Валентин оказался щупловатым и застенчивым полярником с огромным стажем сидения на льдинах и удаленных станциях. Работу свою он любил и, судя по тому, с какой восторженностью описывал эпизод, как в прошлую антарктическую экспедицию чуть было не сыграл в километровую трещину, получал от происходящего особое наслаждение. Он был одинок, а значит, мог себе это позволить.

- Вы и не представляете себе, как там здорово работается. А как читается Достоевский!

- А одни и те же морды вокруг? - вяло поинтересовался Митрохин.

- Ну, вы же в автономках с этим справляетесь, - под общий хохот парировал Валентин и перешел к главному:

- Если вы согласны, заселяйтесь хоть сегодня, послезавтра я улетаю. Особенность в одном, там остается мой друг. Федя. Не пугайтесь, Михаил, это не человек. Это - пингвин.

Очевидно уловив на лице собеседника облегчение, он добавил:

- Но далеко не простой пингвин.

- Императорский что ли? - проявив неожиданную для старпома дизелюхи эрудицию, выдавил Митрохин, заподозривший неладное.

- Так точно. Рост 120 см, вес 45 кг. Остальное - при встрече...

Встреча состоялась на следующий день в квартире, которой предстояло стать пристанищем для Митрохиных, уже паковавших чемоданы. Слух о чудесном  везении их папаши успел просочиться и в далекое Видяево.

В обширной прихожей «сталинского» дома стоял по стойке смирно пингвин с гордо поднятой головой и пристально смотрел Митрохину в глаза, справедливо сознавая, что именно от этого человека будет зависеть его судьба в ближайшие месяцы. Его лапы были обуты в тапочки 46 размера, и он едва заметно покачивался вокруг своей оси.

- Оставляю вам деньги из расчета 120 рублей в месяц на рыбу, - начал свой инструктаж Валентин, - рыба должна быть исключительно свежей, не мороженой. Кроме того, Федора надо хотя бы раз в неделю купать. Не в ванне, это он делает почти сам. Ваше дело только краны открыть. Если нет машины, придется брать такси и на Петропавловку. Тут недалеко. За трояк довезут. Некоторые таксисты его уже знают. И, - он многозначительно хмыкнул, - даже любят. Надеюсь, полюбите и вы.

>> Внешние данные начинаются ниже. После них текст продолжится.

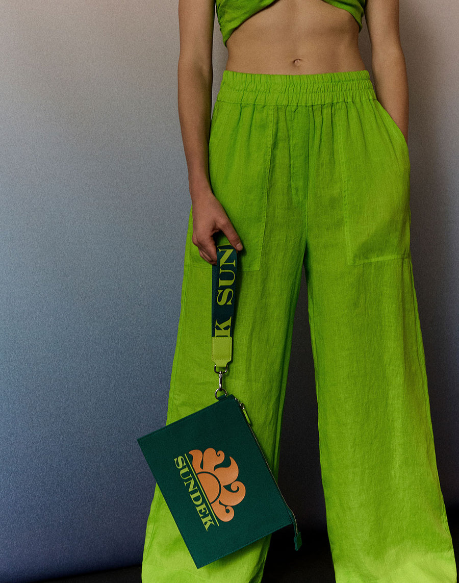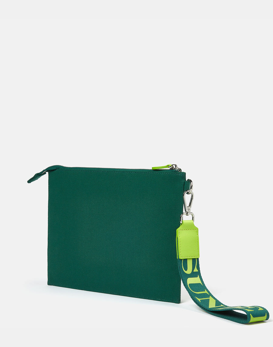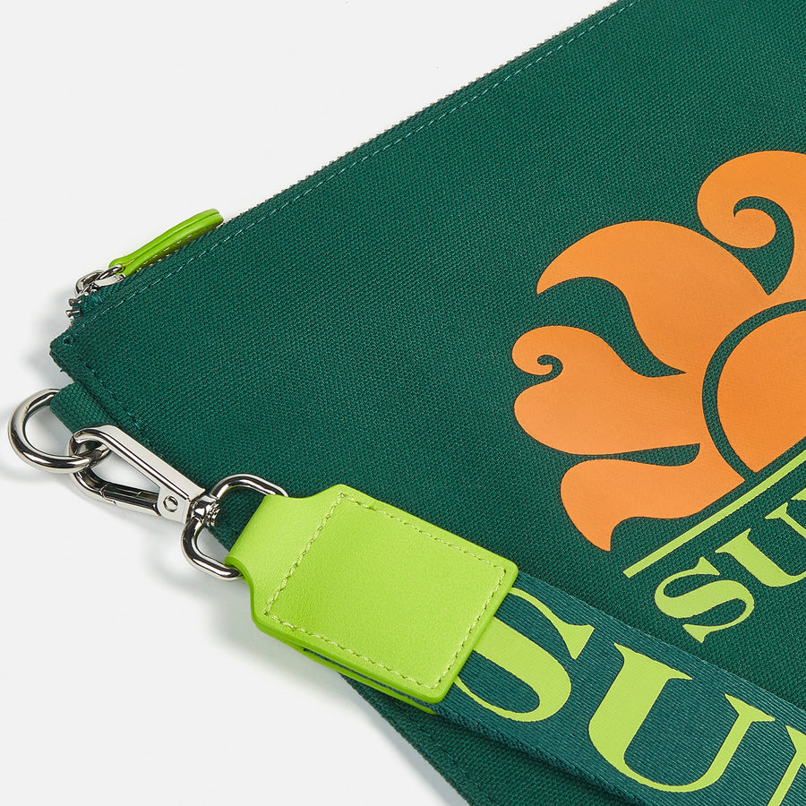 Pochette clutch en toile avec logo sundek imprimé. Parfaite à la fois comme trousse de toilette et comme pochette à main. Lanière avec logo amovible.

- А в такси он тоже сам садится? - поинтересовался Митрохин.

- Увы, понадобится ваша помощь, точно так  же,  как и при расчете.

Митрохин хотел спросить про то, как пингвин одевает  тапки, но постеснялся.

«Поживем-увидим!» - резонно заключил он. И они ударили по рукам.

На прощанье Валентин проникновенно воскликнул:

- Не забывайте, пожалуйста,  что это мой друг!

Митрохин расценил фразу как предостережение: «Не дай бог с животным что-нибудь случится!»

И в очередной раз задумался, правда, не надолго. Бывалый подводник смекнул, что отступать некуда. Назавтра приезжала семья...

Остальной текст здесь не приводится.